### Task to carry out
Everything in the records is to be written out exactly, except the pictures.

** Information given follows **

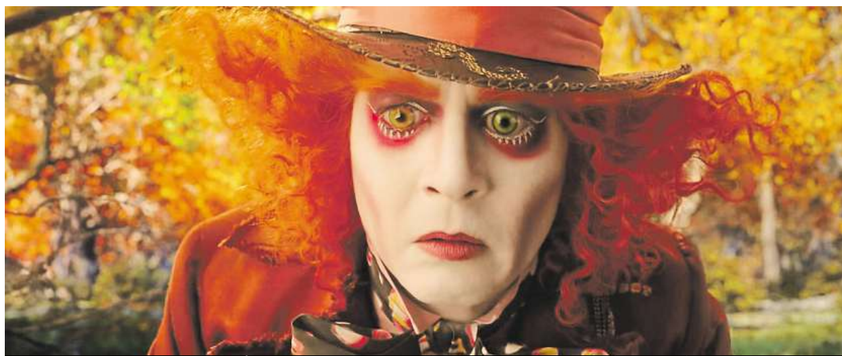
Zítřejší kin film Alenka v říši divů: Za zrcadlem. V roli Kloboučníka se objeví Johnny Depp (na snímku).

Je tu léto, doba oprav kolejí. Pracovat se bude na menším počtu tramvajových tratí než v loňském roce. Největší akce. Nejrozsáhlejší opravy – Nuselská a U Plynárny. Centrum. Bez tramvají také v Ječné STRANA 2
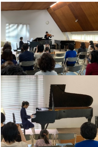
ホールに出演者たちそれぞれの音色が響き渡ります。
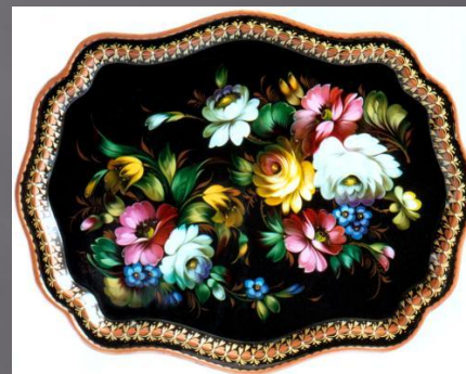
Букет в раскидку
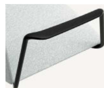
Braccioli chiusi in alluminio
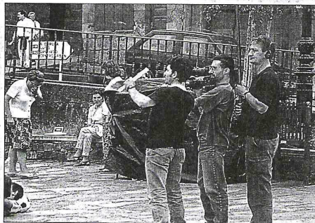
Un momento del rodaje del cortometraje en las inmediaciones del Paseo del Malecón

Con motivo de la realización del curso de verano "Música y Cine", que desde el pasado lunes se imparte en la ciudad brigantina, se ha comenzado a rodar un cortometraje con exteriores de Betanzos. Durante los dos próximos días el equipo del Servicio de Medios Audiovisuales de la Universidad de A Coruña, bajo la dirección de Xosé Vilaboy, se encargará de la realización de este filme. En él participarán los alumnos del curso, que darán vida a tres personajes, un chico y dos chicas. En la jornada de ayer, el lugar escogido para la grabación de los exteriores ha sido la zona del Malecón de A Ribeira, así como la zona del Puente Viejo. Ya en la zona nueva, las terrazas de los Soportales han sido el otro lugar escogido por la organización para rodar distintas tomas.
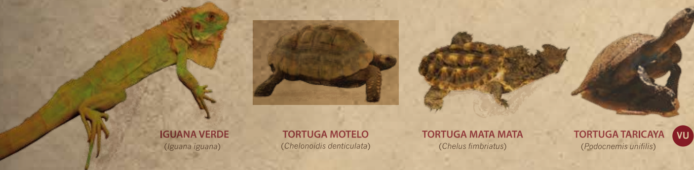
IGUANA VERDE ( Iguana iguana )
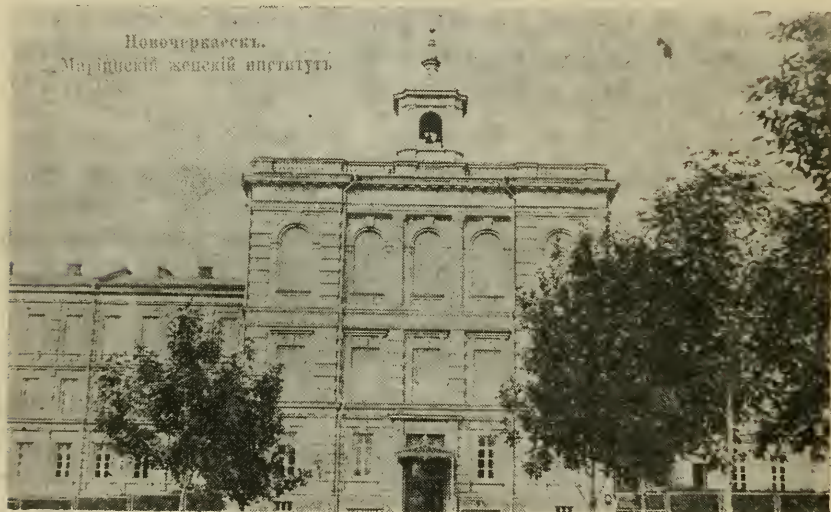
Мариинский женский институт в Новочеркасске.

Точную дату основания института в Новочеркасске установить трудно, но по историческим данным известно следующее: императрица Мария Феодоровна, жена императора Павла I, не игравшая при императрице Екатерине II никакой роли, по вступлении на престол Павла, начала заниматься вопросом женского образования. Уже через шесть дней по смерти Екатерины, последовало повеление императора «начальствовать его супруге над воспитательным Обществом Благородных Девиц». Цель женского образования, по мнению Марии Феодоровны, заключалась в том, чтобы «способности учащихся употреблять не только для образования ума, но и для образования сердца и характера». В царствование Александра I и Николая Первого были основаны институты в Санкт-Петербурге, Москве, Симбирске, Новочеркасске, Харькове, Полтаве и других городах. В каком именно году был основан институт в Новочеркасске мы не могли установить.
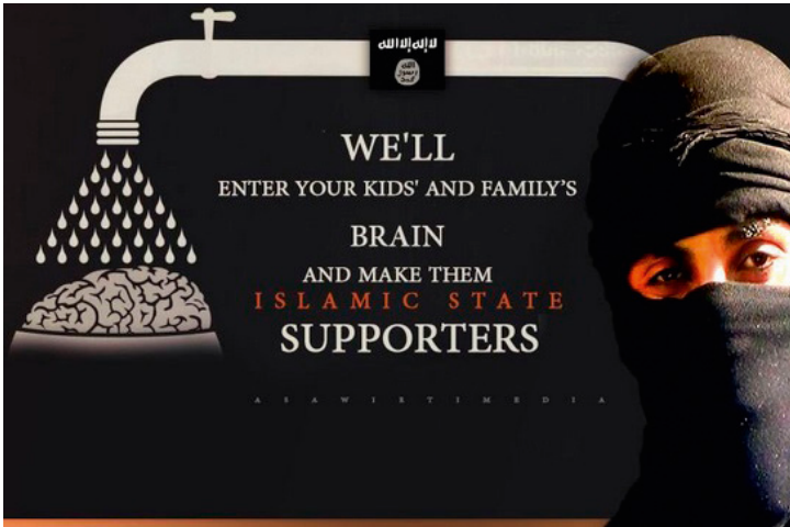
Voorbeeld van ISIS-propaganda
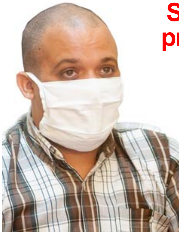
Liosbel Márquez García, presidente del Tribunal Provincial Popular

L A presencia en Cuba del SARS-Cov-2 ha modificado temporalmente la vida de las instituciones y de la ciudadanía. Los órganos encargados de impartir justicia en el país también han adaptado sus rutinas a la situación imperante.

** End of Information given **

### Response
Zítřejší kin film Alenka v říši divů: Za zrcadlem. V roli Kloboučníka se objeví Johnny Depp (na snímku).

Je tu léto, doba oprav kolejí. Pracovat se bude na menším počtu tramvajových tratí než v loňském roce. Největší akce. Nejrozsáhlejší opravy – Nuselská a U Plynárny. Centrum. Bez tramvají také v Ječné STRANA 2
ホールに出演者たちそれぞれの音色が響き渡ります。
Букет в раскидку
Braccioli chiusi in alluminio
Un momento del rodaje del cortometraje en las inmediaciones del Paseo del Malecón

Con motivo de la realización del curso de verano "Música y Cine", que desde el pasado lunes se imparte en la ciudad brigantina, se ha comenzado a rodar un cortometraje con exteriores de Betanzos. Durante los dos próximos días el equipo del Servicio de Medios Audiovisuales de la Universidad de A Coruña, bajo la dirección de Xosé Vilaboy, se encargará de la realización de este filme. En él participarán los alumnos del curso, que darán vida a tres personajes, un chico y dos chicas. En la jornada de ayer, el lugar escogido para la grabación de los exteriores ha sido la zona del Malecón de A Ribeira, así como la zona del Puente Viejo. Ya en la zona nueva, las terrazas de los Soportales han sido el otro lugar escogido por la organización para rodar distintas tomas.
IGUANA VERDE ( Iguana iguana )
Мариинский женский институт в Новочеркасске.

Точную дату основания института в Новочеркасске установить трудно, но по историческим данным известно следующее: императрица Мария Феодоровна, жена императора Павла I, не игравшая при императрице Екатерине II никакой роли, по вступлении на престол Павла, начала заниматься вопросом женского образования. Уже через шесть дней по смерти Екатерины, последовало повеление императора «начальствовать его супруге над воспитательным Обществом Благородных Девиц». Цель женского образования, по мнению Марии Феодоровны, заключалась в том, чтобы «способности учащихся употреблять не только для образования ума, но и для образования сердца и характера». В царствование Александра I и Николая Первого были основаны институты в Санкт-Петербурге, Москве, Симбирске, Новочеркасске, Харькове, Полтаве и других городах. В каком именно году был основан институт в Новочеркасске мы не могли установить.
Voorbeeld van ISIS-propaganda
Liosbel Márquez García, presidente del Tribunal Provincial Popular

L A presencia en Cuba del SARS-Cov-2 ha modificado temporalmente la vida de las instituciones y de la ciudadanía. Los órganos encargados de impartir justicia en el país también han adaptado sus rutinas a la situación imperante.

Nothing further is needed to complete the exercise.